Apple (NASDAQ: AAPL) rattled Wall Street after raising prices across the majority of its hardware lineup, leaving investors to wonder whether the iPhone is next.

The company increased prices on Macs, iPads, the Apple TV, the HomePod, and the Vision Pro headset, with most products rising between $100 and $300.

Several high-end Mac configurations saw even steeper increases, pushing the total cost of Apple’s premium computing lineup to new heights.

Apple tied the price hikes directly to a shortage of memory chips, which the company attributed to surging demand from artificial intelligence data center construction.

“The rapid expansion of AI data centers has created an extraordinary surge in demand for memory and storage,” Apple said in its explanation for the pricing moves.

Investors responded poorly, sending the stock to its worst single-day performance in more than a year following the announcement.

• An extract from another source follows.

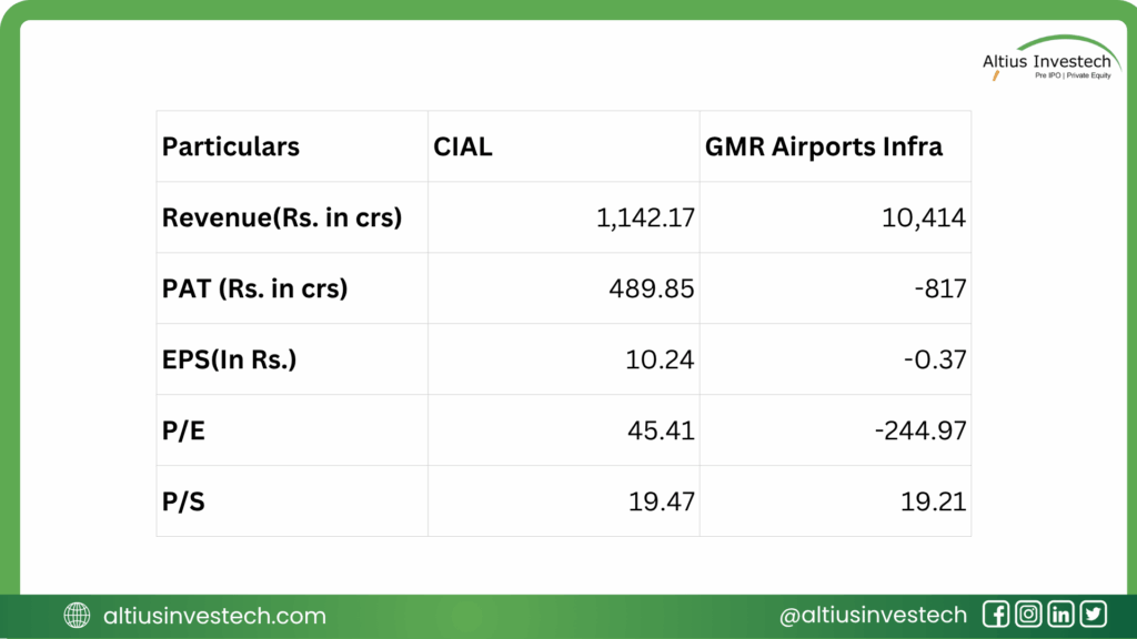 Valuation Story: CIAL’s P/E ratio of 45.41 is based on real, substantial earnings, a key differentiator from its loss-making peer which has no P/E ratio. CIAL’s high P/S ratio of 19.47, compared to GMR’s 0.05, seems justified as the market places a high value on each rupee of its sales, knowing that an industry-leading portion of it converts directly to profit.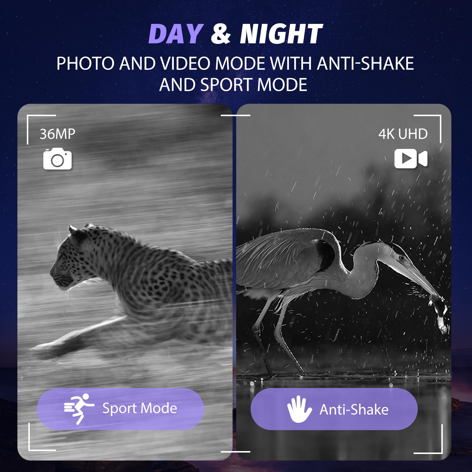 - Full High 4K Video & 36MP Picture: The night vision binoculars achieves 4K HD video and 36 million pixels photos. The motion detection function can be turned on when shooting videos of running animals, and the pictures also have an anti-shake function

Notably absent from the list of affected products were the iPhone, Apple Watch, and AirPods, with the iPhone’s exclusion drawing the most attention given its central role in the company’s business.

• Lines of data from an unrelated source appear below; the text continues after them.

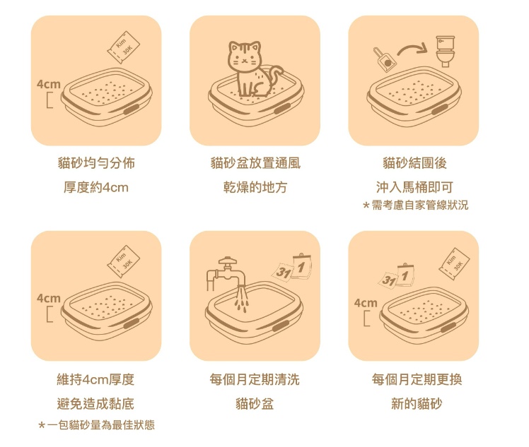 🔴定期維持4cm厚度讓貓咪挖砂避免太淺造成黏底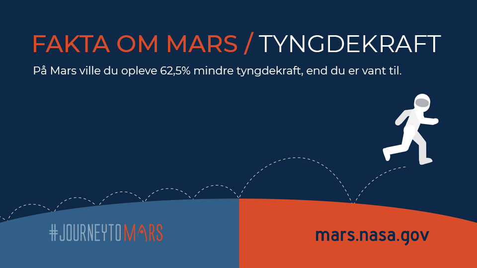Tyngdekraften på Mars er 62,5 % mindre end tyngdekraften på Jorden. Det vil sige, at Mars' tyngdekraft kun er 1/3 af Jordens. (Illustration: NASA).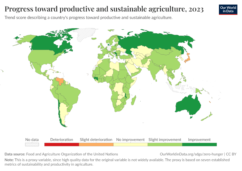 “Data Page: Progress toward productive and sustainable agriculture”. Our World in Data (2026). Data adapted from Food and Agriculture Organization of the United Nations. Retrieved from https://data-childlabor-ilounicef.owid.pages.dev:8789/20260304-094028/grapher/progress-toward-productive-and-sustainable-agriculture.html [online resource] (archived on March 4, 2026).How to cite this data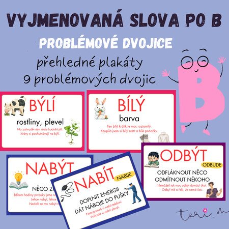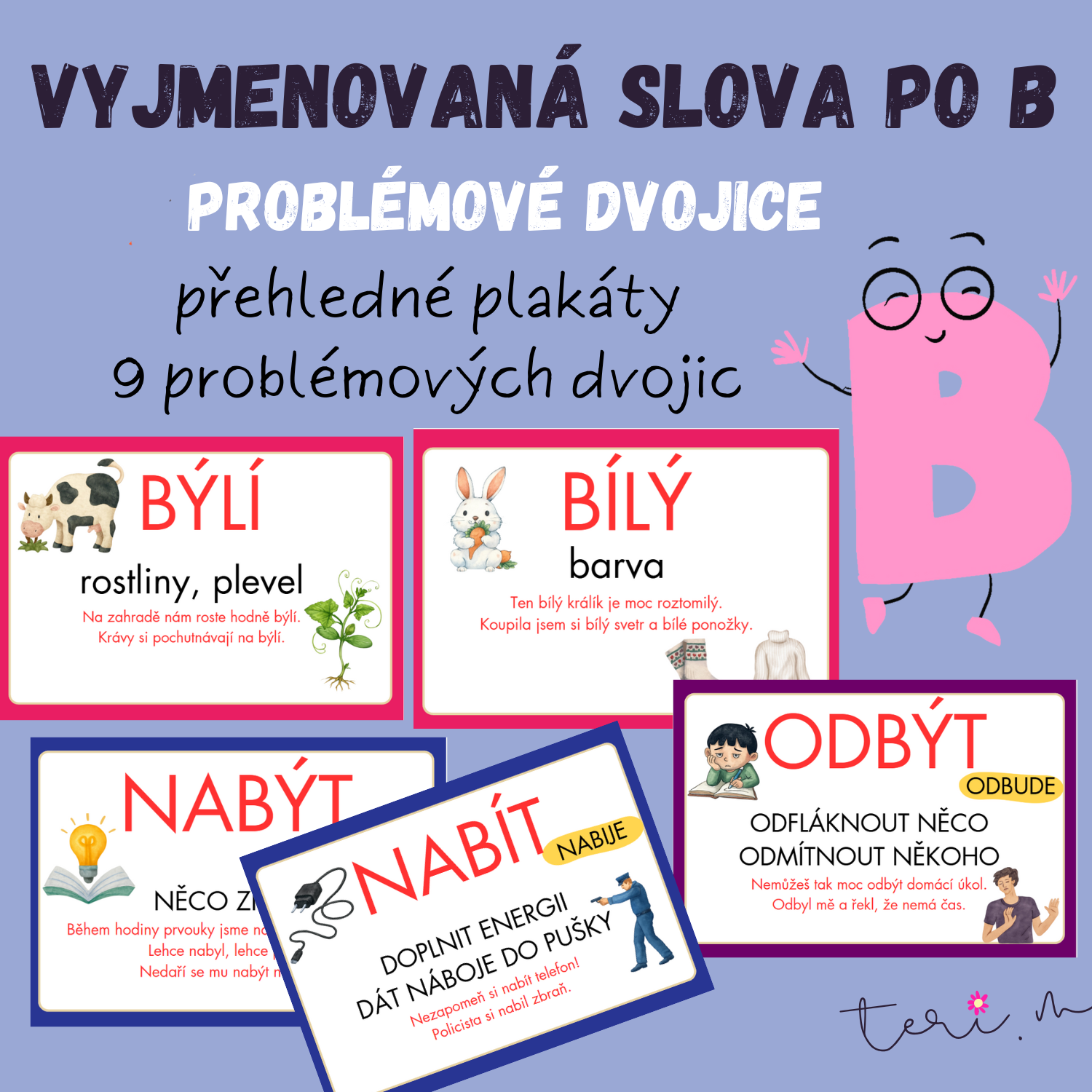 Tento přehledný a vizuálně poutavý materiál obsahuje 9 nejčastějších problémových dvojic slov, která si žáci často pletou při práci s vyjmenovanými slovy.

The most straightforward explanation for leaving the iPhone out is timing, as Apple is widely expected to unveil new iPhone models this September at its regular annual event.

Folding higher prices into a new product launch is considerably less disruptive than raising the cost of devices already sitting on retail shelves mid-cycle.

The iPhone also serves as the primary entry point to Apple’s broader ecosystem of services, accessories, and devices, making it the product the company is most reluctant to disturb with abrupt price changes.

Apple is navigating this pressure from a position of financial strength, having reported revenue of $111.2 billion in its fiscal second quarter ended March 28, 2026, a 17% increase year over year.

Earnings per share rose 22% to $2.01 during the same period, giving the company considerable flexibility in how it chooses to absorb or pass on rising memory costs.

With the stock trading at a price-to-earnings ratio of around 34, the valuation already depends on sustained growth, giving Apple strong incentive to protect its margins wherever possible.

At the same time, the iPhone upgrade cycle is among the company’s most valuable commercial assets, and disrupting it with an unexpected price increase carries its own set of risks.

Apple has a few months before the new iPhone lineup arrives to decide how much of the memory cost squeeze will ultimately be passed on to consumers.